Given data
************
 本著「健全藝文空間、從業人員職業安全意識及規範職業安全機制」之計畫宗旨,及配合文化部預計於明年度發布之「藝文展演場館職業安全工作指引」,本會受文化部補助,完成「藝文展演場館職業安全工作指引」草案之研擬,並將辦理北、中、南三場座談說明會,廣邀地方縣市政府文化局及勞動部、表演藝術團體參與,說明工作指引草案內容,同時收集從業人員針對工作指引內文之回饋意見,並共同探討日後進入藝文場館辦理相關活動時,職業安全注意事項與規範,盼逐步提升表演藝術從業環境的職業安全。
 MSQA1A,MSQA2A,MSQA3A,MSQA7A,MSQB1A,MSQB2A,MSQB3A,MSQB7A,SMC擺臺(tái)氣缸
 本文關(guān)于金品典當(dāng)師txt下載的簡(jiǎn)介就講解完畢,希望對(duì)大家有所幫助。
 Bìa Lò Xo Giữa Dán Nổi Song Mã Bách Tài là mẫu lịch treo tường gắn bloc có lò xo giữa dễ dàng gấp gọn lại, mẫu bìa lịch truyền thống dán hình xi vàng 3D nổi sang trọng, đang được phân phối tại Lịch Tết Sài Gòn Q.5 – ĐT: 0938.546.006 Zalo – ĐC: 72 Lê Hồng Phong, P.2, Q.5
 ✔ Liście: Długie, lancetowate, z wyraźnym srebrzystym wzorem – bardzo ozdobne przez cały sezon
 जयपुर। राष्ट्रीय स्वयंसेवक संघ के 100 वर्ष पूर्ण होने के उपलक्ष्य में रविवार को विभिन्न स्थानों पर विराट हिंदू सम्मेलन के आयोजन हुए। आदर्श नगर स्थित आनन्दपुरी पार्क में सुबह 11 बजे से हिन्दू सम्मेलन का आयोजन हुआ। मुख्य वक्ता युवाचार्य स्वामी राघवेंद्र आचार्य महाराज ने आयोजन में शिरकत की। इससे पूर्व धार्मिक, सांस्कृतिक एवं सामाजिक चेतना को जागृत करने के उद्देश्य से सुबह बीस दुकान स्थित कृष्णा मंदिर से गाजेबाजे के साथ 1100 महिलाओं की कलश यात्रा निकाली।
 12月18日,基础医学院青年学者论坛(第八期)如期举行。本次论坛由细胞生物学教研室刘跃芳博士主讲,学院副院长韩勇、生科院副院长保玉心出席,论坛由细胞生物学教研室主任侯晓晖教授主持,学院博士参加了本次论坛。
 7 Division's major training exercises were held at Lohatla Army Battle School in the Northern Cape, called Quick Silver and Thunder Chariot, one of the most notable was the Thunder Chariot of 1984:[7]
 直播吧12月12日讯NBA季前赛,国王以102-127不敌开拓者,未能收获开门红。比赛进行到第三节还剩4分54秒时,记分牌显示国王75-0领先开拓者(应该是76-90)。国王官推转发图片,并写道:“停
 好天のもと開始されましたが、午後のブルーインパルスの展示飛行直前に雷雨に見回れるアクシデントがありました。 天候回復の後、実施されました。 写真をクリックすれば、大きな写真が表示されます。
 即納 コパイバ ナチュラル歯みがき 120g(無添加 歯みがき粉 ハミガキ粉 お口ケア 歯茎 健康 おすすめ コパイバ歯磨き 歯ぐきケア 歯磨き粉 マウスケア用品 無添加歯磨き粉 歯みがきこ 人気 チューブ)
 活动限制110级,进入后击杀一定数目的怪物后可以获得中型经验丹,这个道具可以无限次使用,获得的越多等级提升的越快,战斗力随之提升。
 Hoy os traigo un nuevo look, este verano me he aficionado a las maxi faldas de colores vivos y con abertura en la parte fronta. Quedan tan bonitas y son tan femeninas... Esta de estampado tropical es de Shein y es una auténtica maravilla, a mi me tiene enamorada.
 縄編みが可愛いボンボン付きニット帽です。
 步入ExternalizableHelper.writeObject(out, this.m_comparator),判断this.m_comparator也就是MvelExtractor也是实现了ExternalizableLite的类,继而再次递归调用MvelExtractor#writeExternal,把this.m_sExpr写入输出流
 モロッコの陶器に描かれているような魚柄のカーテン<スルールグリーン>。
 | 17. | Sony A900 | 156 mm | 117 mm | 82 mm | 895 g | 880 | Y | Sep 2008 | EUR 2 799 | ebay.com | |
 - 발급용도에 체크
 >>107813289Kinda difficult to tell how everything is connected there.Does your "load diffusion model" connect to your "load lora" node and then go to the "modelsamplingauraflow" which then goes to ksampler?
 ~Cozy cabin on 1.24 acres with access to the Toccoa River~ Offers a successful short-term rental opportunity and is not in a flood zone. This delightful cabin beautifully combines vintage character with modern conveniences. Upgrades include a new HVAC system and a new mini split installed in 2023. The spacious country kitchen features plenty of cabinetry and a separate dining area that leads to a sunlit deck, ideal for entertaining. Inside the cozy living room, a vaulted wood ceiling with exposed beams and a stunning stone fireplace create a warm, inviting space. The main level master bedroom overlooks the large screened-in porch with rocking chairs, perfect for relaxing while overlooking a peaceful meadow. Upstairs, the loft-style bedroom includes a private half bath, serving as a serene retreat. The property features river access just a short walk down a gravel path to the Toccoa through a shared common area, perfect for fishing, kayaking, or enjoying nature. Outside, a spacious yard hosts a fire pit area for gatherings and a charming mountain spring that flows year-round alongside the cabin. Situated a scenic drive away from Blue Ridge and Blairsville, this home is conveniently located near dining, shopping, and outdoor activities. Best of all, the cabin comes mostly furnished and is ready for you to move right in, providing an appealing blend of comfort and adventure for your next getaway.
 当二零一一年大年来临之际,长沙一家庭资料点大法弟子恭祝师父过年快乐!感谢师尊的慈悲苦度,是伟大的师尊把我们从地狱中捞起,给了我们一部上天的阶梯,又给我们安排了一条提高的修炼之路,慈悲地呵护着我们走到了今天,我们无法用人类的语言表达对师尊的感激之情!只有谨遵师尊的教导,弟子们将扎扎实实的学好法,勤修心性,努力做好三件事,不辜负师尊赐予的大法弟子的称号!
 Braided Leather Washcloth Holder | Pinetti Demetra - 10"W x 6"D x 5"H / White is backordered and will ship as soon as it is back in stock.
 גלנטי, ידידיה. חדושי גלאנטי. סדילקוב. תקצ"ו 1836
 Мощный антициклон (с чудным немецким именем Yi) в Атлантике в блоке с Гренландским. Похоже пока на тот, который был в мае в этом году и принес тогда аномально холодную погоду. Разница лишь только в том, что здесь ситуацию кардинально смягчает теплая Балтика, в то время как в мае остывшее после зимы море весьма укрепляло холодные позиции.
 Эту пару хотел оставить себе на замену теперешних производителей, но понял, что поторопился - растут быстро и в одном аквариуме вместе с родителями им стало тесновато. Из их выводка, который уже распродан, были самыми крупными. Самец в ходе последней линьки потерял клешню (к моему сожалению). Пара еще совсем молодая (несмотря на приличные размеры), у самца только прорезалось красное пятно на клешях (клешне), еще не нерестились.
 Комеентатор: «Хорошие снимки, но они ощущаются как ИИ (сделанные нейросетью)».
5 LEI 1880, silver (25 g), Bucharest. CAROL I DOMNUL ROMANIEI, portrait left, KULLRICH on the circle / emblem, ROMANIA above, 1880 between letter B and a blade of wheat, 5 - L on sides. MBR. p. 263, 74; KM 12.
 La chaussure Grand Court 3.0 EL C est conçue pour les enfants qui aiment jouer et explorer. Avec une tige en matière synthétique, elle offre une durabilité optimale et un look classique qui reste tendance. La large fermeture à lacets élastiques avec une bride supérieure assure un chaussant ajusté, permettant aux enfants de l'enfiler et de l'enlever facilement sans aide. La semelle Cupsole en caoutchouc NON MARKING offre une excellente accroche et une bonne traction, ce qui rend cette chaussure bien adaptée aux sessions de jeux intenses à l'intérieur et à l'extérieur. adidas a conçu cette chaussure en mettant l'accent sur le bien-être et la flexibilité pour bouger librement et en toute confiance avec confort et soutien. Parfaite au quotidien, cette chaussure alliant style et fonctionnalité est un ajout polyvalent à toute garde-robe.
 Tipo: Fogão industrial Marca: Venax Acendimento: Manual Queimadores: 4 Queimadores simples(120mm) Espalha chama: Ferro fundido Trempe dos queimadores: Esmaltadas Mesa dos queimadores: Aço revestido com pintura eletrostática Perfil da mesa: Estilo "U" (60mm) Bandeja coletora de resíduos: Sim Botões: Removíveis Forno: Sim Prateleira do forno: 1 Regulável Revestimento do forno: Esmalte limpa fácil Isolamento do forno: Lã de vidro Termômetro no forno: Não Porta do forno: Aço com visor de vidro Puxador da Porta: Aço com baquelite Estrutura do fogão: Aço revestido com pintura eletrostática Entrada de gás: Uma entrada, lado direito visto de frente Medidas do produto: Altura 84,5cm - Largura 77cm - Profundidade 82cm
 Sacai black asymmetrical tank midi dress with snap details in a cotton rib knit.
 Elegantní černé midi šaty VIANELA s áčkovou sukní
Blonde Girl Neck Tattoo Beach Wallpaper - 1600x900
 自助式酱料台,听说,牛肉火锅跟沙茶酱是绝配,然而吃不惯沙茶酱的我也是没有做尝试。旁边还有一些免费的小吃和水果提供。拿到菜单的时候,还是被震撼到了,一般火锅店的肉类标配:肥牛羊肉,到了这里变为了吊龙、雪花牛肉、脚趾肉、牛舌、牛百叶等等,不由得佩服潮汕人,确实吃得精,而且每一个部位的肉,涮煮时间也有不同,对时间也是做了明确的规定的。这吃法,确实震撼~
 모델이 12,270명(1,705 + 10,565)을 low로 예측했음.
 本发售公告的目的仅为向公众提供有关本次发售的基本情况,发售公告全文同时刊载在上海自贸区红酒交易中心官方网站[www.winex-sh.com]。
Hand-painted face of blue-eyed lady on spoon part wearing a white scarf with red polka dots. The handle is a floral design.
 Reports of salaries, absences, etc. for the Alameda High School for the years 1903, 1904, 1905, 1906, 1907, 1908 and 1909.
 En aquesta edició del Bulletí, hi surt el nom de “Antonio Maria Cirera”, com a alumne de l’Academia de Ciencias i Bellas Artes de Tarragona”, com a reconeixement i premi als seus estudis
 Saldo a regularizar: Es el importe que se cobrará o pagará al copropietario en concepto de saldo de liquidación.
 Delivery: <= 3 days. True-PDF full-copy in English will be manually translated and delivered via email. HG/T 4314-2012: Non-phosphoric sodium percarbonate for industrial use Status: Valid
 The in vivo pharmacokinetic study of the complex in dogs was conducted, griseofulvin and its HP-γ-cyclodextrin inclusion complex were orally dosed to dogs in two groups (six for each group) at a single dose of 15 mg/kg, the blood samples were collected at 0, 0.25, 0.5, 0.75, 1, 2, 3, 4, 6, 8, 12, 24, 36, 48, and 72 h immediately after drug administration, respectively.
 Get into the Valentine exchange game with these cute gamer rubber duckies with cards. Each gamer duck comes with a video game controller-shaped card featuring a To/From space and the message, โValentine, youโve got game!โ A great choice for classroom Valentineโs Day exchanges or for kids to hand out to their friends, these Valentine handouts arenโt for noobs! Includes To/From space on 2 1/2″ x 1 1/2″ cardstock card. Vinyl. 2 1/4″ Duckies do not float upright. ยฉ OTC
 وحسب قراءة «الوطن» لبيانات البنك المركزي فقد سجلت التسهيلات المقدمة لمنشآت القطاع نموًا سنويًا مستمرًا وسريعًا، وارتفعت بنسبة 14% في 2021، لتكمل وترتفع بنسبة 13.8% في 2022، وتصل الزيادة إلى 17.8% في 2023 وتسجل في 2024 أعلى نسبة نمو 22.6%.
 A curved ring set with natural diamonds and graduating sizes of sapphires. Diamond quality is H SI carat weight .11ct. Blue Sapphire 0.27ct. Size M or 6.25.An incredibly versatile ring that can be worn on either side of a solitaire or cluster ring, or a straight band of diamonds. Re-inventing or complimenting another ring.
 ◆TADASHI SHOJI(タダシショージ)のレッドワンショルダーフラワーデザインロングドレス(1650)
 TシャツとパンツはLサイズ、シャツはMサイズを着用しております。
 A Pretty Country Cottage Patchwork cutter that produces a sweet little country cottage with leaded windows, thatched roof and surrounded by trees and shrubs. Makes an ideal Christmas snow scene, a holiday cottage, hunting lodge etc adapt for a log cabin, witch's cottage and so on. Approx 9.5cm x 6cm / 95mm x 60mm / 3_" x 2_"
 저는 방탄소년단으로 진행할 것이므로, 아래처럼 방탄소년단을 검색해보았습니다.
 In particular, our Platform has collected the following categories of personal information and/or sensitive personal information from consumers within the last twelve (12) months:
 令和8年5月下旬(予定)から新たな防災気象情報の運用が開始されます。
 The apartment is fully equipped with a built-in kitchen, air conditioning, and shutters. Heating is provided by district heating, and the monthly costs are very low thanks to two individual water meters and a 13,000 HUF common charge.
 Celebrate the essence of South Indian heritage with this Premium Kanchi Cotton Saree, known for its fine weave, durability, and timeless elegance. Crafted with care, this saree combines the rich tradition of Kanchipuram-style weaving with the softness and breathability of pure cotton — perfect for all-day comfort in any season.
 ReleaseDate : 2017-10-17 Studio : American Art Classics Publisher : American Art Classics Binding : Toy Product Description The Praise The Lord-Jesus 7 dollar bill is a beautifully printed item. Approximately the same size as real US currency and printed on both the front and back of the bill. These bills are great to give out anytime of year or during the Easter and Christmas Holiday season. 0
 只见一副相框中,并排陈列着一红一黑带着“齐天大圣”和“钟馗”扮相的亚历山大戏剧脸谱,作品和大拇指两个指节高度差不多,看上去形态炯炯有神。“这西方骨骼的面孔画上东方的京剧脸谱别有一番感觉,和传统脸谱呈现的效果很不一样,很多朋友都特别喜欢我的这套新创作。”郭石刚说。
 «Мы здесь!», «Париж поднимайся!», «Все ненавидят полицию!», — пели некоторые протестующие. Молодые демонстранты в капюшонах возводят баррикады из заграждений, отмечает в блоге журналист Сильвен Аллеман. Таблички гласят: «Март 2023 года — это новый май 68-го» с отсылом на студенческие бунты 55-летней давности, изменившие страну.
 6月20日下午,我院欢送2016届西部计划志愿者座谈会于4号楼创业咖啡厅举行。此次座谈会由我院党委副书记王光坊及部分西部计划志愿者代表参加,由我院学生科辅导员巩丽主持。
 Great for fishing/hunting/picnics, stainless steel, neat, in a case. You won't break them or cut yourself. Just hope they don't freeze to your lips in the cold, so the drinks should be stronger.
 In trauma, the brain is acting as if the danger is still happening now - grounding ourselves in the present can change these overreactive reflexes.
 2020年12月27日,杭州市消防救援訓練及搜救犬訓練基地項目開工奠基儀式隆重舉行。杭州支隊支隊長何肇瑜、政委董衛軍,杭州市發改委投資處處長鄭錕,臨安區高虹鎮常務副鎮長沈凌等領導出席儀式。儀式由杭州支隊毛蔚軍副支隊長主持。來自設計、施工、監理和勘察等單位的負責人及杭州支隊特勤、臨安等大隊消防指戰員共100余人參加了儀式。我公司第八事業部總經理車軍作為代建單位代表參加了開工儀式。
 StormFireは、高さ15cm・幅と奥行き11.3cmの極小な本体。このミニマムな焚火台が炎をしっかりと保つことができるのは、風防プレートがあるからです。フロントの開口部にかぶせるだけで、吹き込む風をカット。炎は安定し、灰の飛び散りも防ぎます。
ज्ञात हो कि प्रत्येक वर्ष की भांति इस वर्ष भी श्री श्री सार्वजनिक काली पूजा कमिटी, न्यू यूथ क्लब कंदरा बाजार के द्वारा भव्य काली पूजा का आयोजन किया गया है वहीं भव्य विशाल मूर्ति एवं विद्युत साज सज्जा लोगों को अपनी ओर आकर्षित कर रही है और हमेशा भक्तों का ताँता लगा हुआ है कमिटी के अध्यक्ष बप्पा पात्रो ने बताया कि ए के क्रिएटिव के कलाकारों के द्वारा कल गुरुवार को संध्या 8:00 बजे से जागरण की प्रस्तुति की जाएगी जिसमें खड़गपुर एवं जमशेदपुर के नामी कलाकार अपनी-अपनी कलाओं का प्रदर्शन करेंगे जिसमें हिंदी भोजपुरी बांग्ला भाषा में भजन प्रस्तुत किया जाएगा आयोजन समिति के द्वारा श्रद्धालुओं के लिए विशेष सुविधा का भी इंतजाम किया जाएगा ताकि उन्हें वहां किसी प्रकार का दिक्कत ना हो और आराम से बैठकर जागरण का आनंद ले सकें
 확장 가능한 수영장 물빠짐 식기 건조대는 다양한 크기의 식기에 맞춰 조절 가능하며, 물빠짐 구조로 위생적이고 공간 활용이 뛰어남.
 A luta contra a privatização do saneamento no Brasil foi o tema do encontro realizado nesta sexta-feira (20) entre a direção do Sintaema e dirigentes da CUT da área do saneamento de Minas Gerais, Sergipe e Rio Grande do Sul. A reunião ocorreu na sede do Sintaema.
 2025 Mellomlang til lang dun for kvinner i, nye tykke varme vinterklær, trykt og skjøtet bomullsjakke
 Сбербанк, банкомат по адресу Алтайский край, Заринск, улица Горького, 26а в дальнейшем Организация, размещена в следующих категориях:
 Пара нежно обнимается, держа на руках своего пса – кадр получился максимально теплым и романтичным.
************
Only lines holding the word "School" are wanted, so copy each of them from the records above.

 7 Division's major training exercises were held at Lohatla Army Battle School in the Northern Cape, called Quick Silver and Thunder Chariot, one of the most notable was the Thunder Chariot of 1984:[7]
 Reports of salaries, absences, etc. for the Alameda High School for the years 1903, 1904, 1905, 1906, 1907, 1908 and 1909.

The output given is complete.